The cinematography is equally well done – when the camera is on the water, it bobs as it would if it was actually on a boat; water splashes on the lens. There are even moments when the shot slips, however briefly, from the fights – as if the cameraman slipped, or his balance was affected. It’s never enough to make us queasy, or cause us to lose continuity; it’s just enough to add a layer of reality to what is by definition a surreal situation.
As Pacific Rim reaches its final act, revelations come hard and fast – in regard to a sleazy dealer in kaiju parts (Ron Perlman) and our two bickering scientists, but especially in regard to Pentecost.
Elba – whose motivational speech about cancelling the apocalypse reminds of Winston Churchill – is not the only standout here. Hunnam, Kikuchi, Martini and Kazinsky are all super, and Day and Gorham steal every scene they’re in separately or together.

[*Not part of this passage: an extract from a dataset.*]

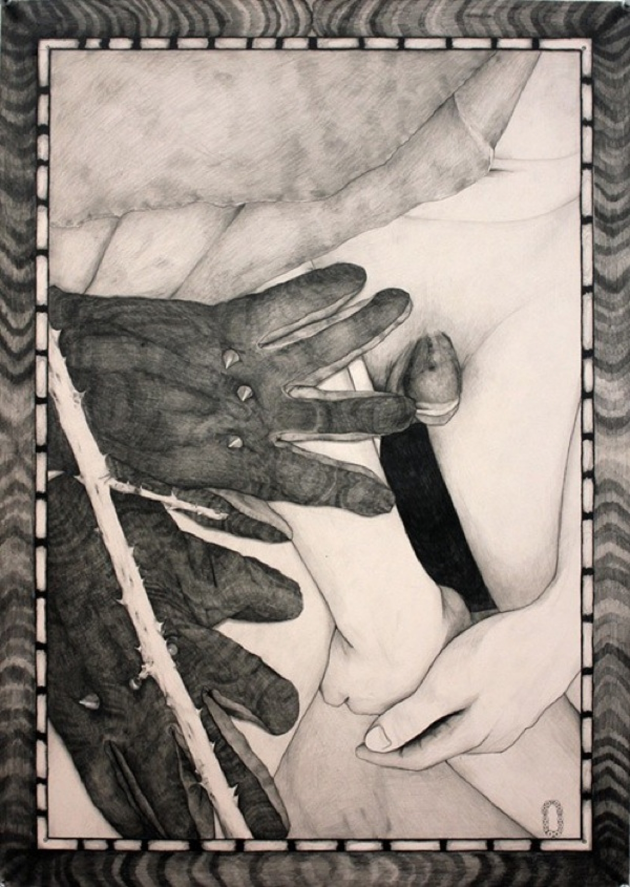 Koes Staassen toont een kleihoop met gaten, een videowerk en vooral indrukwekkende tekeningen die zeer nauwkeurig met potlood op het papier zijn gezet. De prachtig verfijnde tekeningen zonder kleur hebben ong. een A3-formaat en zijn ingelijst. Ze vertonen bijna allemaal het middelste gedeelte van een mannenlichaam met in het centrum een piemel en handen. Op het lichaam zijn vaak attributen afgebeeld zoals donkere handschoenen met studs. Toch gaat er niets pornografisch van deze beelden uit, integendeel. Het zijn eigenlijk onschuldige tekeningen zonder enige seksuele handelingen en/of opwinding. Ook de video waarbij zeer close-up de constant bewegende huid van de ballen wordt getoond heeft niets seksueels, het geeft eerder een fascinerend beeld van de diverse kleuren en facetten van de huid. In een begeleidende tekst verklaart Koes dat zijn werk geleid wordt door een combinatie van verlangen en schaamte; een interessant thema die prachtige werken oplevert.
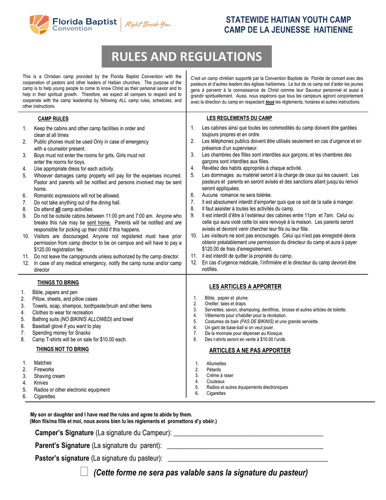 STATEWIDE HAITIAN YOUTH CAMP CAMP DE LA JEUNESSE HAITIENNE RULES AND REGULATIONS This is a Christian camp provided by the Florida Baptist Convention with the cooperation of pastors and other leaders of Haitian churches. The purpose of the camp is to help young people to come to know Christ as their personal savior and to help in their spiritual growth. Therefore, we expect all campers to respect and to cooperate with the camp leadership by following ALL camp rules, schedules, and other instructions. C’est un camp chrétien supporté par la Convention Baptiste de Floride de concert avec des pasteurs et d’autres leaders des églises haïtiennes. Le but de ce camp est d’aider les jeunes gens à parvenir à la connaissance de Christ comme leur Sauveur personnel et aussi à grandir spirituellement. Aussi, nous espérons que tous les campeurs agiront conjointement avec la direction du camp en respectant tous les règlements, horaires et autres instructions. LES REGLEMENTS DU CAMP CAMP RULES 1. Keep the cabins and other camp facilities in order and clean at all times 2. Public phones must be used Only in case of emergency with a counselor present. 3. Boys must not enter the rooms for girls. Girls must not enter the rooms for boys. 4. Use appropriate dress for each activity. 5. Whoever damages camp property will pay for the expenses incurred. Pastor and parents will be notified and persons involved may be sent home. 6. Romantic expressions will not be allowed. 7. Do not take anything out of the dining hall. 8. Do attend all camp activities. 9. Do not be outside cabins between 11:00 pm and 7:00 am. Anyone who breaks this rule may be sent home. Parents will be notified and are responsible for picking up their child if this happens. 10. Visitors are discouraged. Anyone not registered must have prior permission from camp director to be on campus and will have to pay a $120.00 registration fee. 11. Do not leave the campgrounds unless authorized by the camp director. 12. In case of any medical emergency, notify the camp nurse and/or camp director 1. Les cabines ainsi que toutes les commodités du camp doivent être gardées toujours propres et en ordre. 2. Les téléphones publics doivent être utilisés seulement en cas d’urgence et en présence d’un superviseur. 3. Les chambres des filles sont interdites aux garçons; et les chambres des garçons sont interdites aux filles. 4. Revêtez des habits appropriés á chaque activité. 5. Les dommages au matériel seront á la charge de ceux qui les causent. Les pasteurs et parents en seront avisés et des sanctions allant jusqu’au renvoi seront appliquées. 6. Aucune romance ne sera tolérée. 7. Il est absolument interdit d’emporter quoi que ce soit de la salle á manger. 8. Il faut assister à toutes les activités du camp. 9. Il est interdit d’être à l’extérieur des cabines entre 11pm et 7am. Celui ou celle qui aura violé cette loi sera renvoyé à la maison. Les parents seront avisés et devront venir chercher leur fils ou leur fille. 10. Les visiteurs ne sont pas encouragés. Celui qui n’est pas enregistré devra obtenir préalablement une permission du directeur du camp et aura à payer $120.00 de frais d’enregistrement. 11. Il est interdit de quitter la propriété du camp. 12. En cas d’urgence médicale, l’infirmière et le directeur du camp devront être notifiés. THINGS TO BRING 1. 2. 3. 4. 5. 6. 7. 8. Bible, papers and pen Pillow, sheets, and pillow cases Towels, soap, shampoo, toothpaste/brush and other items Clothes to wear for recreation Bathing suits (NO BIKINIS ALLOWED) and towel Baseball glove if you want to play Spending money for Snacks Camp T-shirts will be on sale for $10.00 each. LES ARTICLES A APPORTER 1. 2. 3. 4. 5. 6. 7. 8. THINGS NOT TO BRING 1. 2. 3. 4. 5. 6. Bible, papier et plume. Oreiller, taies et draps. Serviettes, savon, shampoing, dentifrice, brosse et autres articles de toilette. Vêtements pour s’habiller pour la récréation. Costumes de bain (PAS DE BIKINIS) et une grande serviette. Un gant de base-ball si on veut jouer. De la monnaie pour dépenser au Kiosque. Des t-shirts seront en vente à $10.00 l’unité. ARTICLES A NE PAS APPORTER Matches Fireworks Shaving cream Knives Radios or other electronic equipment Cigarettes 1. 2. 3. 4. 5. 6. Allumettes Pétards Crème à raser Couteaux Radios et autres équipements électroniques Cigarettes My son or daughter and I have read the rules and agree to abide by them. (Mon fils/ma fille et moi, nous avons bien lu les règlements et promettons d’y obéir.) Camper’s Signature (La signature du Campeur): ___________________________________________ Parent’s Signature (La signature du parent): _____________________________________________ Pastor’s signature (La signature du pasteur): ______________________________________________ (Cette forme ne sera pas valable sans la signature du pasteur) MEDICAL INFORMATION FORM LAKE YALE HAITIAN YOUTH CAMP July 1 - 4, 2016. Lake Yale Baptist Conference Center To be completed by parent or guardian. This form must be completed properly, signed and send to: Florida Baptist Convention | 140 East 7th Street, Hialeah, FL 33010 CAMPER’S PERSONAL INFORMATION NAME last first ADDRESS city state zip code TEL. (_______)____________________ BIRTH DATE______-______-______ AGE_______SEX PARENT OR GUARDIAN ________________________________________TEL_(_____) In Emergency Notify _____________________________________________ TEL (_____) _______ CAMPER’S CHURCH INFORMATION Church’s name: Address: Church’s phone: (_____) Pastor’s name: CAMPER’S HEALTH RELEASE FORM My son/daughter __________________________________________________has my permission to engage in all of the camp activities. If a medical emergency should arise while my child is at camp, I hereby give permission to the camp director to select a physician and/or hospital for my child’s care. I hereby also give the hospital my permission for hospital

Del Toro co-wrote the script with Travis Beachum from Beachum’s original story and you can see influences coming from movies like Godzilla and Gamera; anime/manga like Neon Genesis Evangelion and TV shows like Ultraman. Some of the kaiju silhouettes will remind of other great movie monsters (Kong, the aforementioned Godzilla) without actually looking that much like them – which is kind of a metaphor for the actual movie: it reminds of us of its influences while just looking like itself.
In the end, what matters is that we can have as much fun watching Pacific Rim as Guillermo Del Toro had making it. That’s huge.